### Information supplied
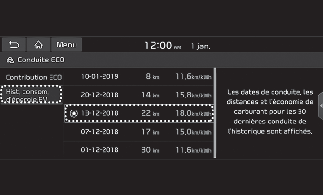 Vous pouvez consulter les informations du niveau ECO et l'historique de conduite ECO.
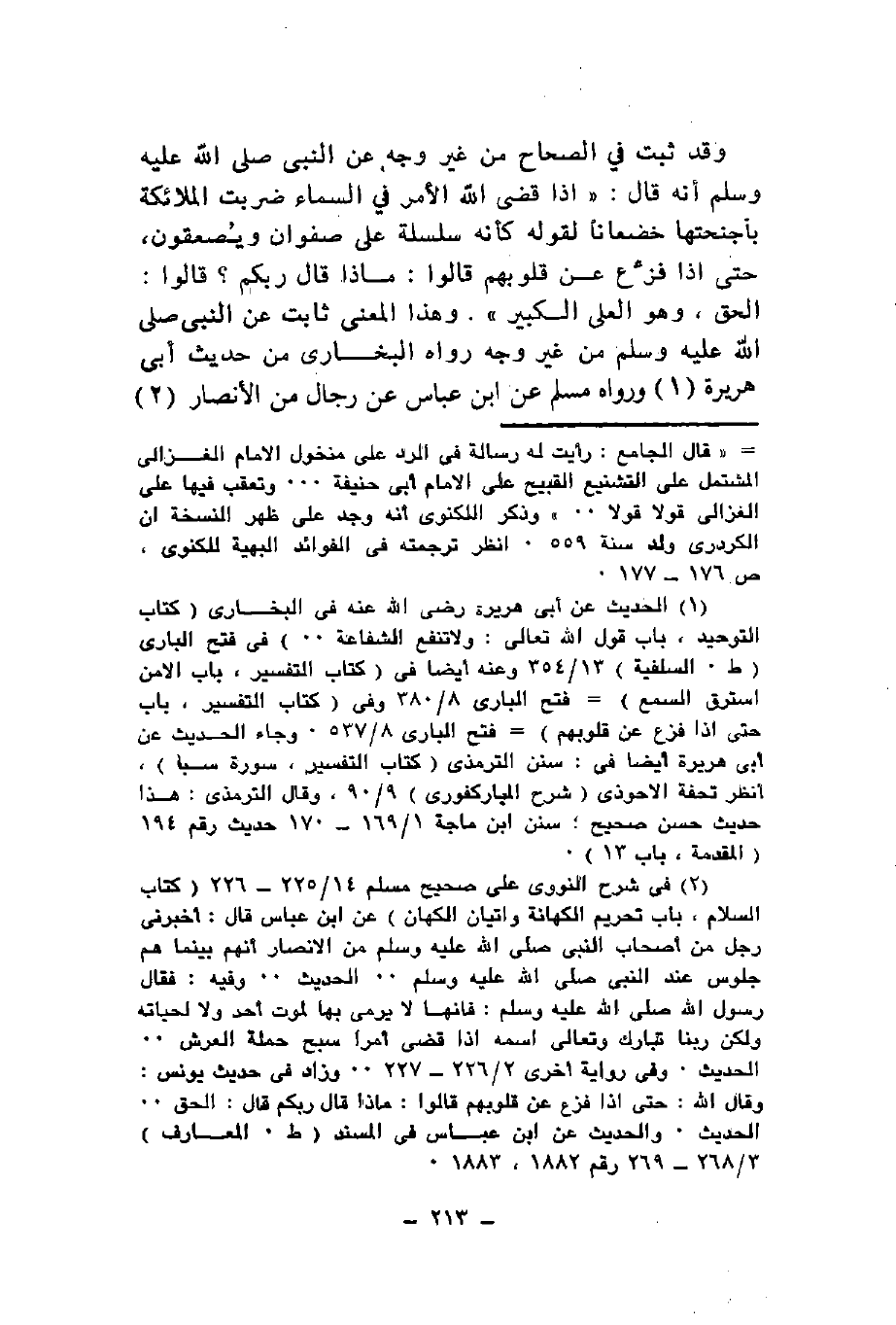 وقد ثبت في الصحاح من غير وجه عن النبي صَلَّى اللَّهُ عَلَيْهِ وَسَلَّمَ أنه قال: "إذا قضى الله الأمر في السماء ضربت الملائكة بأجنحتها خضعانا لقوله كأنه سلسلة على صفوان ويصعقون حتى إذا فزع عن قلوبهم قالوا ماذا قال ربكم قالوا الحق وهو العلي الكبير" وهذا المعنى ثابت عن النبي صَلَّى اللَّهُ عَلَيْهِ وَسَلَّمَ من غير وجه رواه البخاري من حديث أبي هريرة ورواه مسلم عن ابن عباس عن رجال من الأنصار
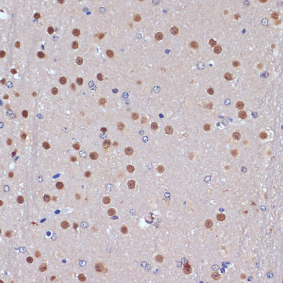 Immunohistochemistry of paraffin-embedded mouse brain using TP53BP2 antibody at dilution of 1:100 .Perform microwave antigen retrieval with 10 mM PBS buffer pH 7.2 before commencing with IHC staining protocol.
######
**To do**
Retype the whole listing, keeping every line identical and omitting all pictures.

**Completed exercise**
 Vous pouvez consulter les informations du niveau ECO et l'historique de conduite ECO.
 وقد ثبت في الصحاح من غير وجه عن النبي صَلَّى اللَّهُ عَلَيْهِ وَسَلَّمَ أنه قال: "إذا قضى الله الأمر في السماء ضربت الملائكة بأجنحتها خضعانا لقوله كأنه سلسلة على صفوان ويصعقون حتى إذا فزع عن قلوبهم قالوا ماذا قال ربكم قالوا الحق وهو العلي الكبير" وهذا المعنى ثابت عن النبي صَلَّى اللَّهُ عَلَيْهِ وَسَلَّمَ من غير وجه رواه البخاري من حديث أبي هريرة ورواه مسلم عن ابن عباس عن رجال من الأنصار
 Immunohistochemistry of paraffin-embedded mouse brain using TP53BP2 antibody at dilution of 1:100 .Perform microwave antigen retrieval with 10 mM PBS buffer pH 7.2 before commencing with IHC staining protocol.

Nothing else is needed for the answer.